High-Dimensional Biomarker Panel Joint Distribution Simulations
We evaluated whether GANs could be used to generate the joint
distribution of multiple biomarkers by using the 14 diabetes-relevant
biomarkers.
Because the 14-dimensional joint distribution is not amenable to
visualization, we used three different multi-dimensional visualization
approaches, t-SNE (Figure 3A), UMAP (Figure 3B), and PCA (Figure 3C) to
generate 2-dimensional projections of the test and GAN-generated
distributions. The projected data for the GAN-generated distribution
(teal circles) was well dispersed in the test data distribution (salmon
circles) for all three approaches. This indicates that GANs are a
promising approach for generating high dimensional biomarker
distributions.
To further assess the performance of GANs, we visualized the univariate
and bivariate marginal distributions from the high dimensional joint
distribution (Figure 3D) using pairs panel plots, which summarize the
univariate density along the diagonal, the bivariate scatter plots in
the lower triangular region and the Spearman correlation coefficients in
the upper triangular region.
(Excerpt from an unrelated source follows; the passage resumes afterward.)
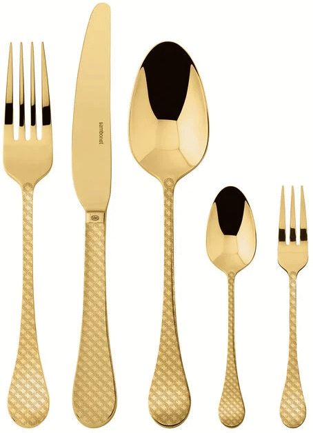 Mit diesem luxuriösen Besteckset von Sambonet holst du dir ein Stück sizilianische Kunsttradition direkt auf deinen Tisch. Das 30-teilige Set in strahlendem Gold verwandelt jede Mahlzeit in ein ästhetisches Erlebnis, bei dem das Besteck nicht nur Beiwerk ist, sondern zum zentralen Element deiner Tischdekoration wird. Inspiriert von der kulturellen Vielfalt der sizilianischen Küstenstadt Taormina vereint das Design geometrische Ornamente, die auf byzantinische und sizilianische Kunsttraditionen zurückgreifen.Das Besondere an der Taormina-Serie ist die einzigartige Textur, die durch ein doppelseitiges Relief entsteht. Dieses wird bereits während des Gusses jedes einzelnen Teils geformt, wodurch die Details tief im Material verankert sind und selbst nach jahrelangem Gebrauch ihre Schönheit bewahren. Jedes Stück besteht aus hochwertigem 18/10 Edelstahl und wird mit Sambonets patentierter PVD-Technologie (Physical Vapour Deposition) veredelt. Bei diesem fortschrittlichen Verfahren wird die Farbe auf atomarer Ebene mit der Oberfläche verbunden, indem metallische Partikel – darunter Titan und Zirkonium, die auch in der Biomedizin Verwendung finden – in einer Vakuumkammer aufgetragen werden. Diese Methode ist weit mehr als eine einfache Beschichtung: Sie verleiht dem Besteck einen außergewöhnlichen Goldton mit höherem Glanz als bei herkömmlichen Produkten und macht es extrem widerstandsfähig gegen Kratzer, Abnutzung, Rost und Oxidation.
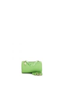 Bolso baúl pequeño en material de efecto mate con cierre de cremallera logotipo de alta frecuencia cadena de plástico para llevar en la mano y correa opcional para el hombro.

The pairs panel plots for scaled
log-transformed levels of seven biomarkers: urine albumin, urine
creatinine, fasting glucose, insulin, body mass index, glycohemoglobin
and triglyceride are shown in Figure 3D. The univariate densities (see
diagonal in Figure 3D) for the GAN-generated data for all seven
biomarkers overlapped extensively with the test data density and the
individual density curves were difficult to distinguish. The bivariate
scatter plots also overlapped extensively, and the GAN-generated data
points were evenly dispersed among the test data points for all 21
bivariate plots in Figure 3D.
These results show that GAN-generated distributions can be useful for
modeling systems of clinical biomarkers.